• [COLLECTED DATA]:
□ □ □

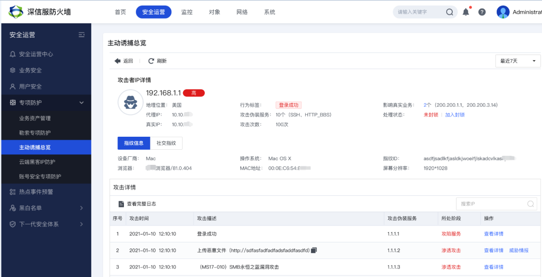 除了从HTTP解析链全过程加强防绕过能力,深信服下一代墙还对绕过攻击进行主动诱捕和深度溯源,即联动云蜜罐。
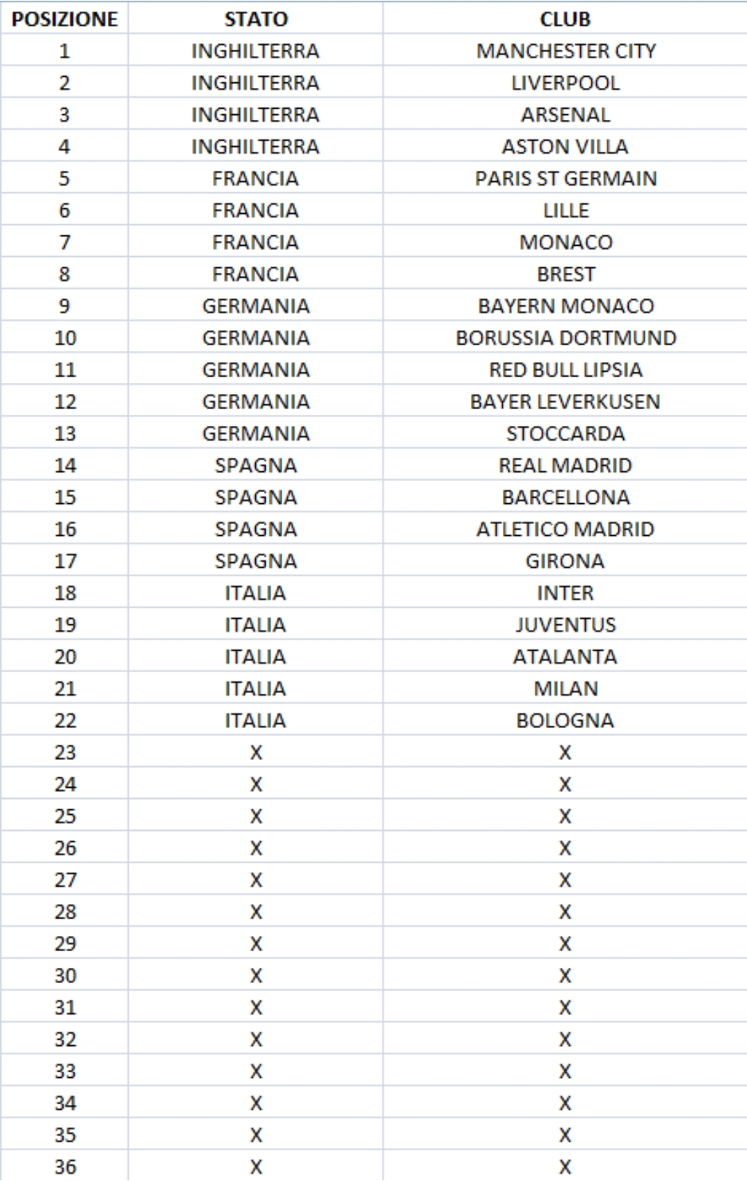 - Le Equal Shares. Sono il cosiddetto bonus di entrata, uguale per tutte e 36 le squadre che arrivano alla fase del maxi girone. Una fetta di 670.000.000 milioni di euro da dividere per 36, per una cifra destinata ad ogni singola squadra pari a 18.620.000 €. Di questi, 17.787.000 € vengono pagati il 20 settembre 2024. I rimanenti 750.000 euro la UEFA li trattiene e li versa ai club solo ad Ottobre 2025. E anche se un club incassa i soldi nella stagione 2025-2026, per principio di competenza economica vengono contati nell’arco di questa stagione.
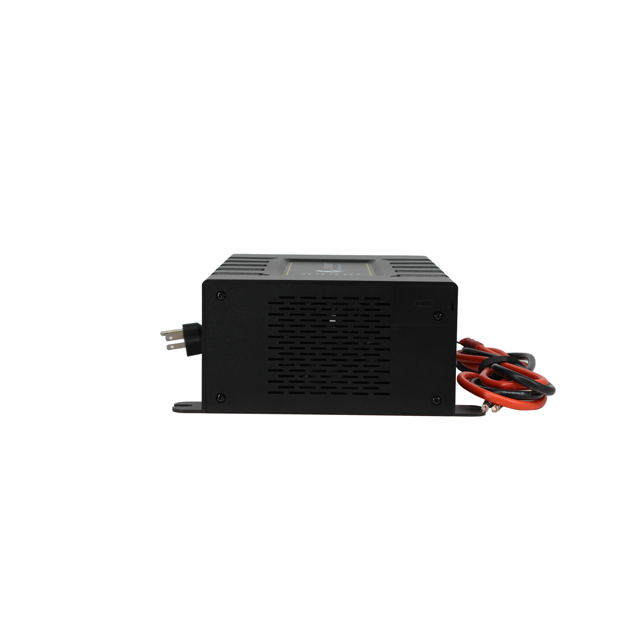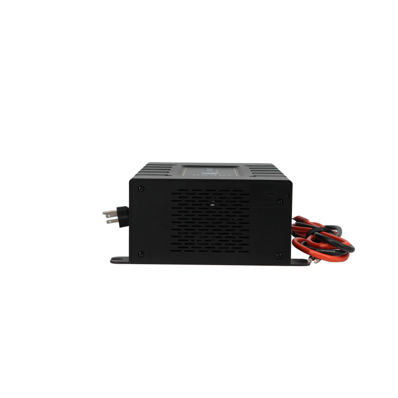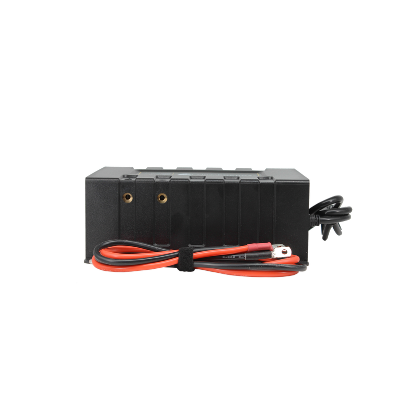 The Savanna BC is a 45-amp lithium (LiFePO4/LFP) built to recharge large batteries quickly and efficiently. Optimized for Lion Energy lithium iron phosphate batteries, it can charge a UT 105Ah battery in just 2.4 hours. All 12-volt Lion Energy lithium batteries should be charged with a LiFePO4-compatible charger like the Savanna BC since using SLA chargers can reduce battery performance and lifespan.

□ □ □

• [TASK TO CARRY OUT]:
Please retype the listing exactly, leaving out any images.

• [EXPECTED OUTPUT]:
 除了从HTTP解析链全过程加强防绕过能力,深信服下一代墙还对绕过攻击进行主动诱捕和深度溯源,即联动云蜜罐。
 - Le Equal Shares. Sono il cosiddetto bonus di entrata, uguale per tutte e 36 le squadre che arrivano alla fase del maxi girone. Una fetta di 670.000.000 milioni di euro da dividere per 36, per una cifra destinata ad ogni singola squadra pari a 18.620.000 €. Di questi, 17.787.000 € vengono pagati il 20 settembre 2024. I rimanenti 750.000 euro la UEFA li trattiene e li versa ai club solo ad Ottobre 2025. E anche se un club incassa i soldi nella stagione 2025-2026, per principio di competenza economica vengono contati nell’arco di questa stagione.
 The Savanna BC is a 45-amp lithium (LiFePO4/LFP) built to recharge large batteries quickly and efficiently. Optimized for Lion Energy lithium iron phosphate batteries, it can charge a UT 105Ah battery in just 2.4 hours. All 12-volt Lion Energy lithium batteries should be charged with a LiFePO4-compatible charger like the Savanna BC since using SLA chargers can reduce battery performance and lifespan.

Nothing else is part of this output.